Yes, you read that correctly. Instead of an outcry of support for a black man (who could have had his life put in imminent danger for no reason), and instead of condemning this racist Karen, I mean Amy, for summoning the police in a public tantrum rivaling that of a (racist) toddler, they are worried about the welfare of her pet. What does this say? That some white people value the treatment and life of a dog more than a human—because that human is black and male.
Before you go and say it, because despite what you’ve read here, you will still go and say it (further proving the point): No, I do not approve of the way she was manhandling her dog. Nor do I condone animal abuse in any way, shape or form. Yes, I do think we can care about both of these things (animal welfare and systemic racism) at the same time. But many folks expressed more concern for the dog than the actual victim here, the innocent black man who could have had his life put in jeopardy by this unstable white woman.
Rebeccah Sanders, Audubon senior vice president for state programs, said it best when she told CNN, “Black Americans often face terrible daily dangers in outdoor spaces, where they are subjected to unwarranted suspicion, confrontation, and violence. The outdoors — and the joy of birds — should be safe and welcoming for all people.”

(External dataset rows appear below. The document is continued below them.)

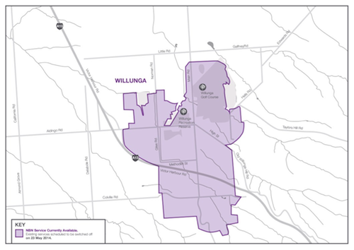 For the first time in Australia, the NBN will replace most existing landline home and business phones, ADSL internet and Telstra cable internet services in parts of Willunga, which are scheduled to be officially switched off from 23 May 2014 (locations outlined in map below).
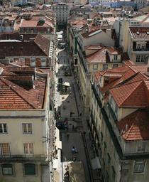 Keywords: Rua Da Santa Justa, Baixa, Lisbon.JPG 38 42 44 49 N 9 8 18 13 W heading E Rua ea Santa Justa Baixa Lisbon Portugal Own 2007-07-21 Szilas QualityImage Quality images of Lisbon 2007 in Lisbon July 2007 in Portugal Views of Rua de Santa Justa from Elevador de Santa Justa Black and white photographs of Lisbon Sidewalk cafés in Portugal Roofs in Lisbon
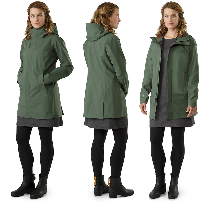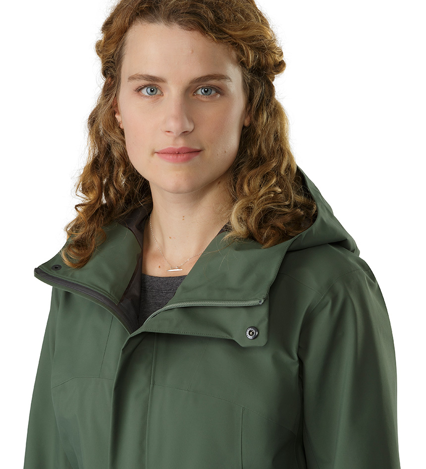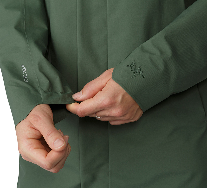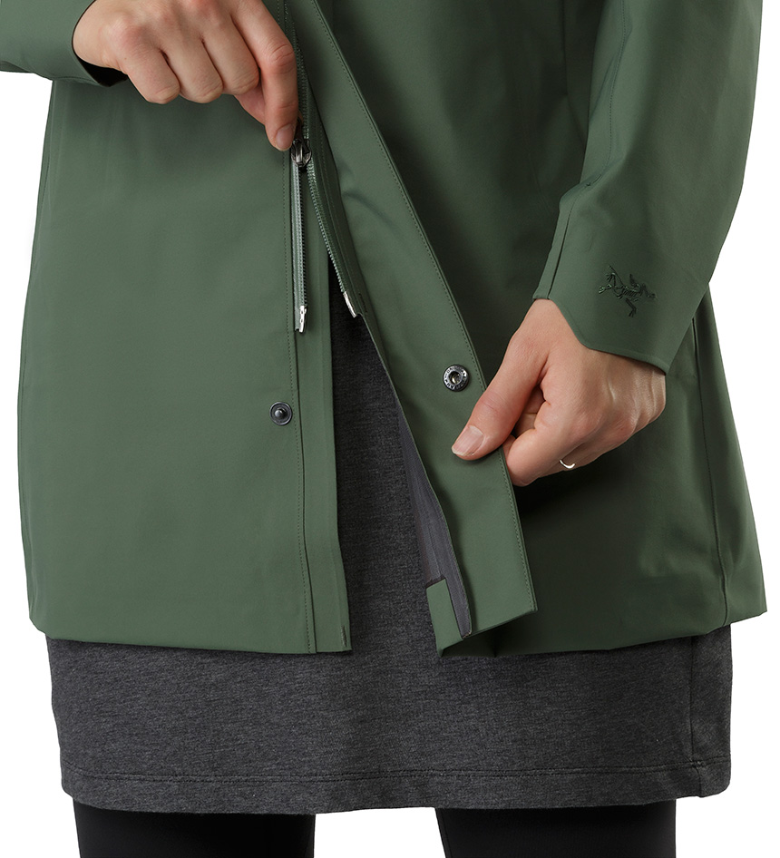 덮개가 있어 외부로 드러나지 않는 컨실드 지퍼가 적용되었으며 뒤트임 디자인으로 활동의 편이를 제공하는 도시감각적인 GORE-TEX® 레인코트.
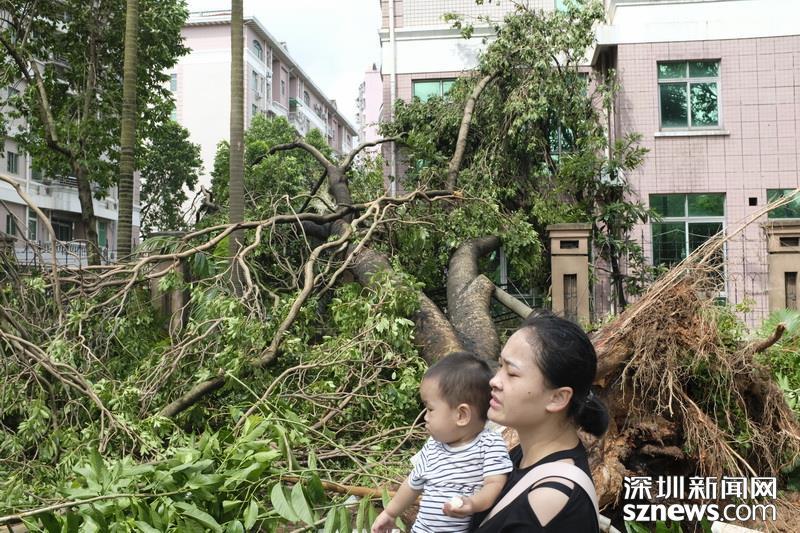 在蓮花北村靠近北環(huán)中學的小路,記者注意到拉起警戒線,有多株樹木經不住大風考驗,已投降就地倒下。
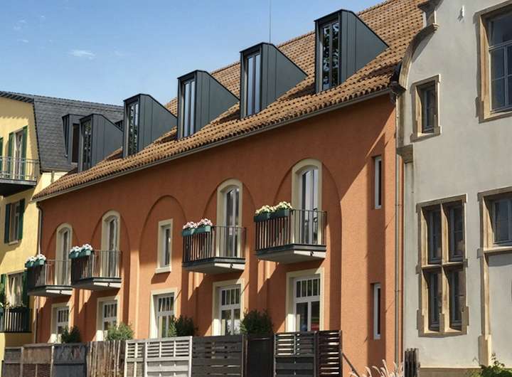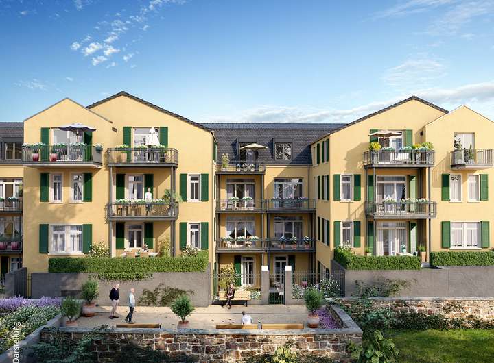 Etwas von der Straße zurückgenommen entsteht das Domizil, ein langgestreckter Wohnflügel, dessen Architektur von der historischen Bebauung inspiriert ist und einen Altbau integriert. Hier bieten 53 Eigentumswohnungen und attraktive Gemeinschaftsflächen sowie Räumlichkeiten für Betreuungs- und Pflegedienste hochwertigen Lebensraum für ältere Menschen, die Unabhängigkeit und Gemeinschaft gleichermaßen schätzen.
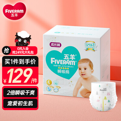 五羊亲肤瞬吸棉柔面层拉拉裤
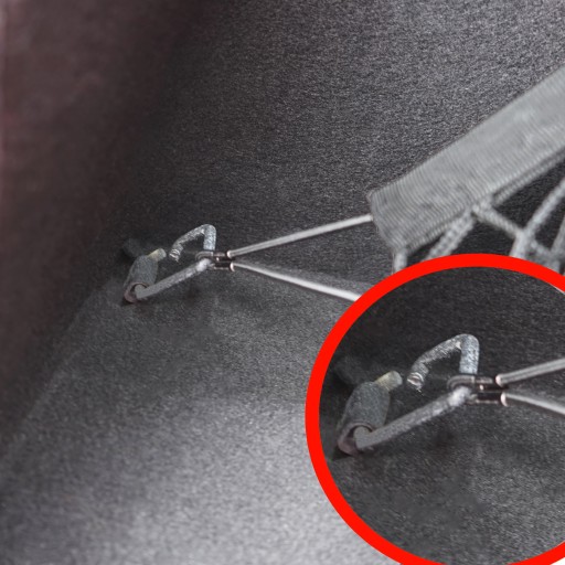 ✔️ 4 x haki umożliwiające montaż siatki przy wykorzystaniu fabrycznych miejsc montażowych w bagażniku Twojego samochodu
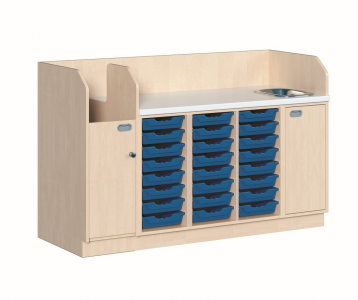 Ob als einzeln aufgestellter Wickelschrank oder als große Wickelkombination - in jedem Fall bieten die verschiedenen Elemente der Wickelkommoden langlebige Materialien, geprüfte Sicherheit, ergonomische Maße und zudem viel Stauraum. Dreiseitige Sicherheits-Aufkantungen umranden die Arbeitsplatte, welche wasserfest beschichtet und vorn benutzerfreundlich gerundet ist. Eingelassene Griffe und der zurückgesetzte Sockel gestatten ein nahes Herantreten an den Wickelplatz. Als Ausstattungen sind verschiedene Varianten rückenschonender Aufstiegshilfen, Schübe, sowie Kinderbadewannen und Handwaschbecken erhältlich. Optional ist eine besonders wasserfeste Sockelvariante lieferbar. Es kann zwischen zwei verschiedenen Arbeitstiefen und Rechts/Links-Varianten der Schränke gewählt werden. Die Wickelauflage ist separat zu bestellen.
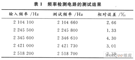 最后,采用了Altera DE2開發(fā)板,將設計的電路下載到硬件電路中,從而完成了對整個頻率檢測電路的設計工作,并利用函數(shù)發(fā)生器對電路進行了驗證。在2 MHz左右的測試結果如表1所示。
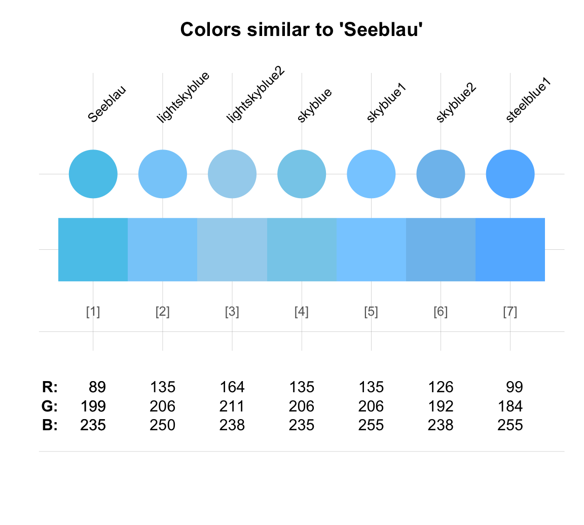 #> Seeblau lightskyblue lightskyblue2 skyblue skyblue1

Amy tried to use her white privilege to get her way. She believed she could do what she wanted without consequence. When a black male called her on her shit, she lost all control, certain that the only way out of the situation (that wasn’t a situation yet) was to call the police. She huffed and puffed that she was in dire danger and needed immediate assistance. She weaponized her whiteness. Literally. Is it just me, or does it seem like BBQ Becky, Cornerstore Caroline, and Permit Patty are related to Sound-the-Alarm Amy?
What’s terrifying is that these four women have made the news for their white nonsense, but they aren’t the only four who exist. There are women like them everywhere, watching people of color, while keeping their fingers on their phones, ready to dial at the drop of a hat. And when they are called out for doing so, they clapback with a tally they keep on-hand for moments like these. It goes something like this:
There’s no way they could be racist. They sponsor children in African countries. They have “a black friend.” We are all one race: the human race. They dated a black guy in college. They don’t have a racist bone in their bodies, and they are proudly colorblind.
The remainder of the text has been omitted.